Electric and water come to barely 500 baht a month and I pay another 1,000 for internet and phone.

Food - both restaurants and supermarket shopping

Sometimes I cook at home using ingredients from the local market (well, actually it’s more of a roadside shack than a market) and I have breakfast and lunch at the school. A trip to McDonalds or KFC in Khorat is a once or twice a month treat. I bet I don’t even spend 3,000 baht a month on food. Yes – a hundred baht a day sounds about right. I can throw a decent meal together at home for half that. There are also a couple of roadside restaurants in the village that charge about 30 baht a dish if I fancy going out to eat instead of cooking at home.

Nightlife and drinking

Nightlife LOL. When it goes dark around these parts, you can’t see one foot in front of the other. Nightlife would be sharing a large bottle of beer with the village drunk outside the corner shop. So I tend not to bother. I’ll have the occasional beer at home but I’m not really a drinker.

Books, computers

I spend nothing on these. I download e-books for free.

Q5. How would you summarize your standard of living in one sentence?

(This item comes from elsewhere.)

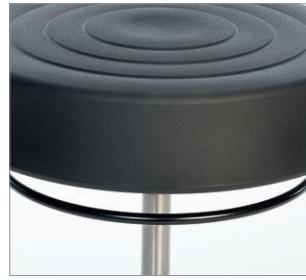
NexGen design and manual ring release

I lived and worked in Bangkok for five years and I grew to hate every second of it. The heat, the humidity, the traffic jams, the growing ‘un-Thainess’ of the place and a thousand other reasons. The more hours I worked and the more money I made (usually between 60 and 80,000 a month) the more miserable I became. Living in Bangkok became a kind of forced slavery. I knew I had to get out.

The game-changer was when an old pal from England retired to live in North-east Thailand, in a village very similar to the one I myself live in now. He had a house built and settled very quickly into Thai rural life. I went up to stay with him for a few days and instantly became envious of all that he had (and indeed didn’t have). His days consisted of long walks and leisurely bicycle rides. His evenings were spent chatting and improving his Thai with a friendly bunch of elderly locals over large bottles of Leo. I had known this guy a long time but I’d never seen him look so fit and healthy and at peace with himself. ‘I want some of this’ I thought. And I returned to Bangkok and drew up my escape plans. I was gone within a month.

I look back now and the five years in Bangkok feel like five wasted and unnecessary years. I love it out here in the sticks.I feel born again. I have a job that’s hardly what you would call demanding and I have all the free time I need. The money just doesn’t matter.

Q6. What do you consider to be a real 'bargain' here?

Out in the countryside, everything is cheap. I couldn’t choose one thing over another.

Q7. In your opinion, how much money does anyone need to earn here in order to survive?

In Bangkok, regadless of how much you earn, you can burn through it somehow. In rural Thailand, 20,000 is more than enough. 35,000 feels like a fortune.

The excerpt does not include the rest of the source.